Water is the most important element of your hydroponic system. Enhanced by specially formulated store-bought (eg. Ag-Grow Grow) or homemade hydroponic plant food, it forms a nutrient solution providing all the nourishment your plants need to thrive. DO NOT use outdoor garden fertilisers (in liquid or solid form) as they’ll be too strong and contain the wrong nutrient ratios for hydroponic gardens.

Plain, clean water is usually at a pH level of 7. For hydroponics, we recommend keeping your water slightly acidic at a pH level of 5 or 6. This allows your plant roots to absorb the maximum amount of nutrients.


If your growing space gets enough natural sunlight already, you won’t need artificial lighting. Otherwise, try to establish a *grow light* setup that mimics the conditions your plants require in their typical environment. Grow lights come in three types (from cheapest to most expensive):

  • Incandescent
  • Fluorescent
  • High-intensity discharge

The best light for your setup can depend on the plants you’re growing, the stage of their life cycle, and the yield quantity you’re aiming for. But most beginner-level gardeners can get away with just a couple of well-placed fluorescent bulbs.

Growing medium (optional)

Some hydroponic setups include a *growing medium* like pea gravel, pebbles, sand, styrofoam, or fired clay. Growing medium is ideally inert (not reactive or oxidising), porous, washable, sterilisable, and pH neutral.

While not always necessary, a good growing medium can help with aerating plant roots, storing nutrients, stabilising water temperature, and keeping your plants upright and held in place.

Hydroponic setups for beginners

The hydroponic jar

The hydroponic jar is the quickest and cheapest setup you can put together. At its most simple, it involves a clean jar, a plant seedling or cutting, and a nutrient solution. If needed, you can add a growing medium to the bottom of the jar to help stabilise the plant. Water should be changed every two weeks.
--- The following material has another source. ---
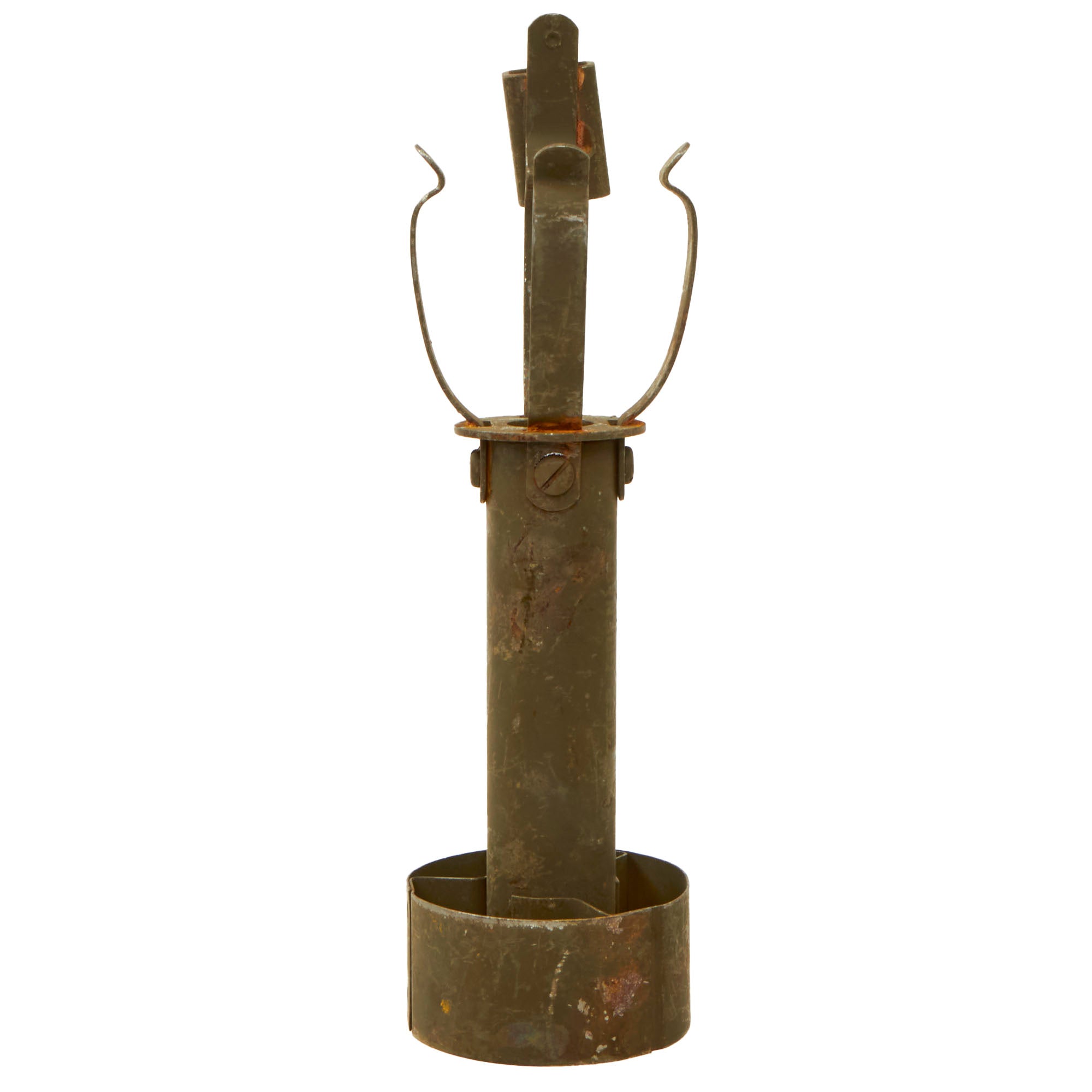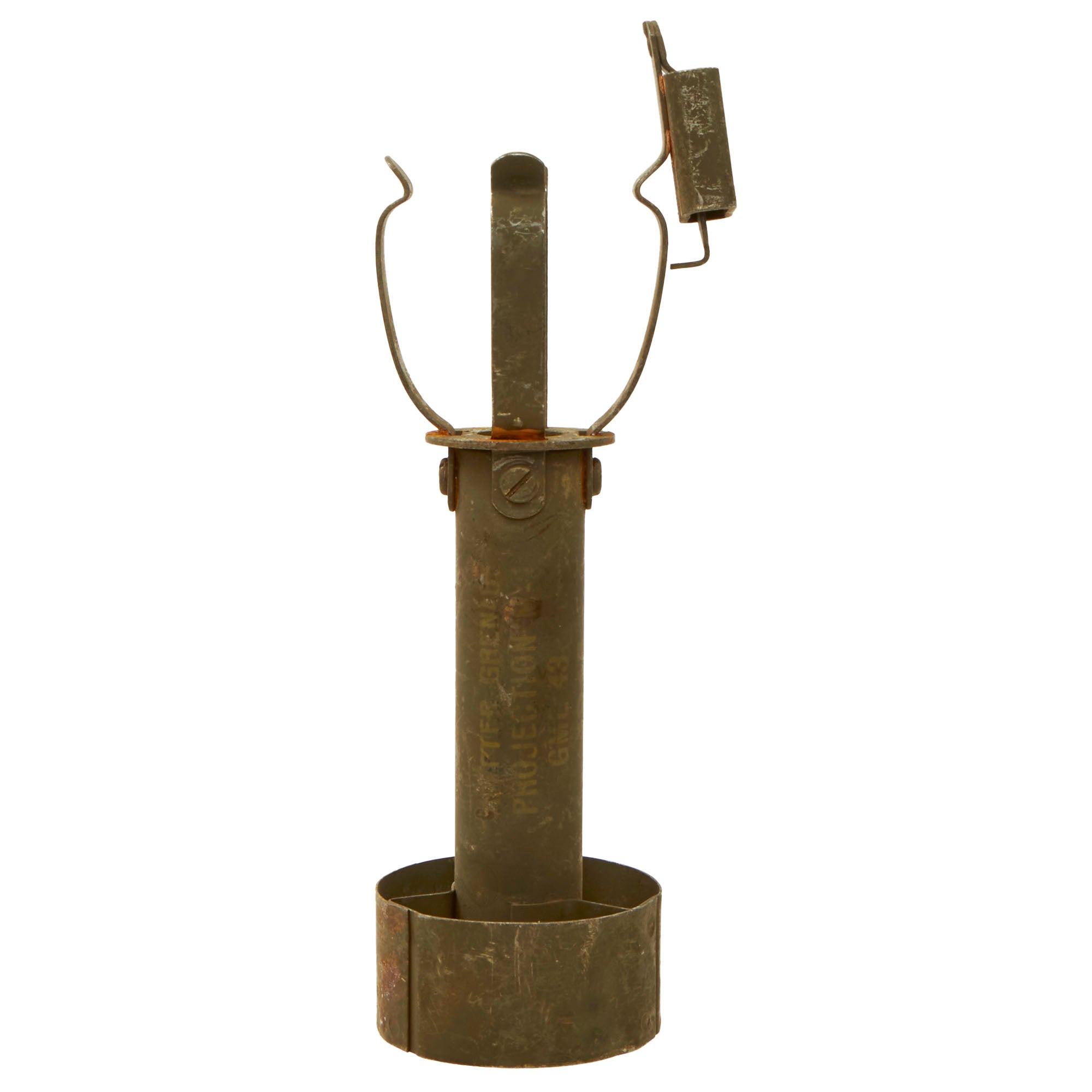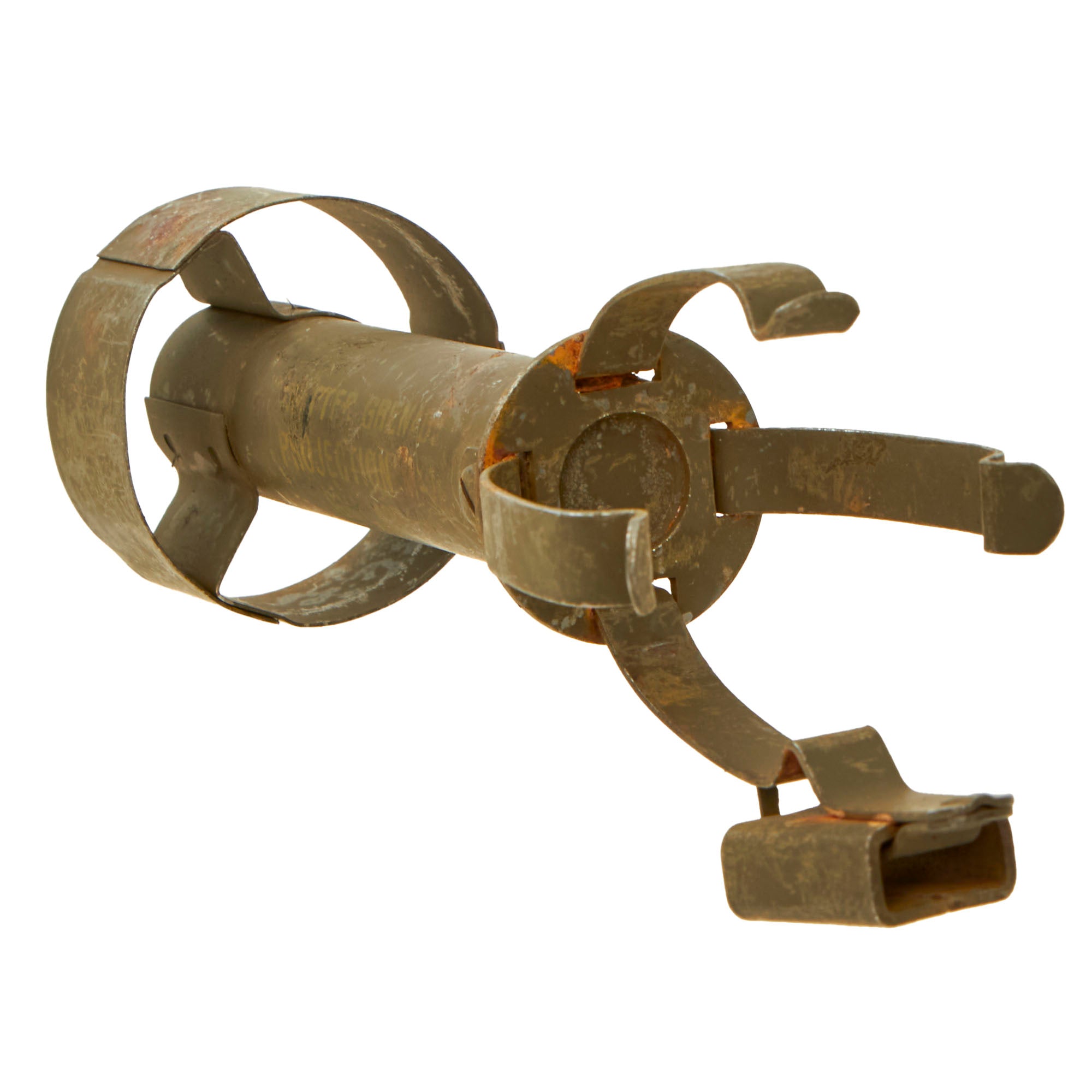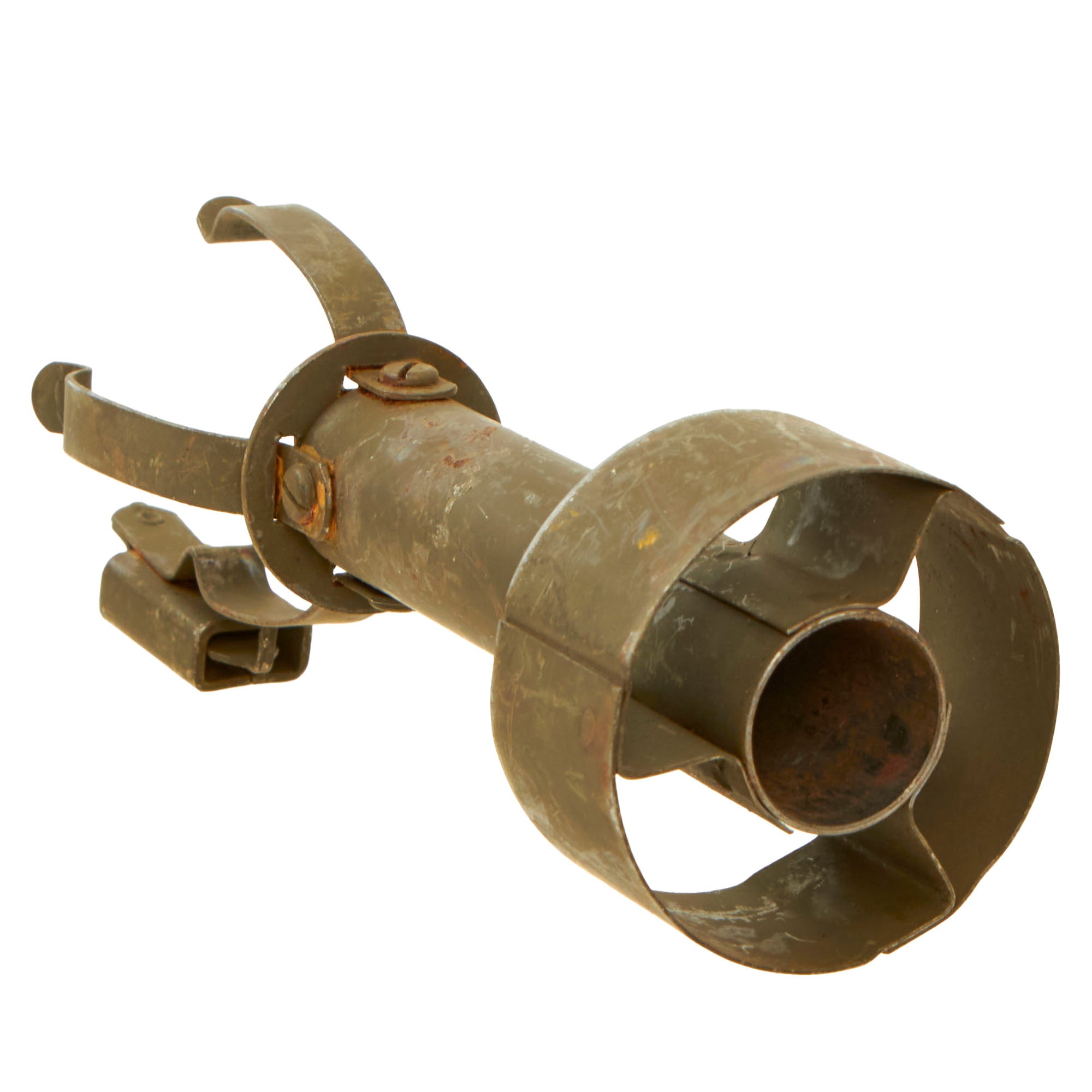 We are offering a fantastic selection of WWII issue Mk II Grenade launcher adapters, all dated 1945. They have relatively similar markings, but are all complete and in great displayable condition. We tested them all, and they will still fit a Mk. II Grenade. Some have paint loss and some have some oxidation, but all are dated 1945 and are in good shape.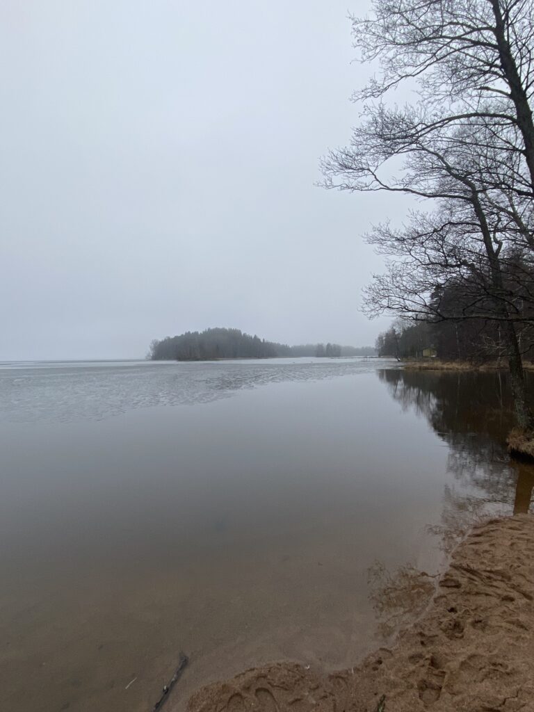 Vielä yksi kuva, viimeinen. Käyn myös Liessaaressa. Tyhjä hiljainen ranta, autio ulappa jolta sumu hälveni jo. Kiitos. Pian astelen jälleen autoa kohti ja ajan kotiin, nyt Lohen kautta, sillä jotain tarpeellista unohtui Lempolan kaupassakäynnillä. Ja sitten kotiin.

  • Simple to set up and maintain
  • Single jar very compact, fits on a kitchen bench or dining table
  • Recycles household waste (jars)
  • Low mess


  • Low yield
  • More plants take up more space

All-in-one compact kits

Small scale and water efficient, all-in-one grow kits are designed to conveniently fit into most kitchens and living rooms. They typically include a grow light and growing containers, and often come with a growing medium and seeds to get you started.


  • Compact, fits on a kitchen bench or dining table
  • Simple to set up and maintain
  • May have a programmable schedule
  • Low mess


  • Needs power supply
  • Can be expensive, depending on product
  • All-in-one systems can be hard to repair

Recirculating systems

Recirculating systems work by continually pumping and recycling water through the system, allowing nutrients to flow over the plant roots. These setups come in many different shapes and sizes, from horizontal tabletop styles (eg. Hydroponic Xpress NFT Kit) to vertical wall-mounted and free-standing styles (eg. Hydroponic Xpress Pineapple Tower Kit).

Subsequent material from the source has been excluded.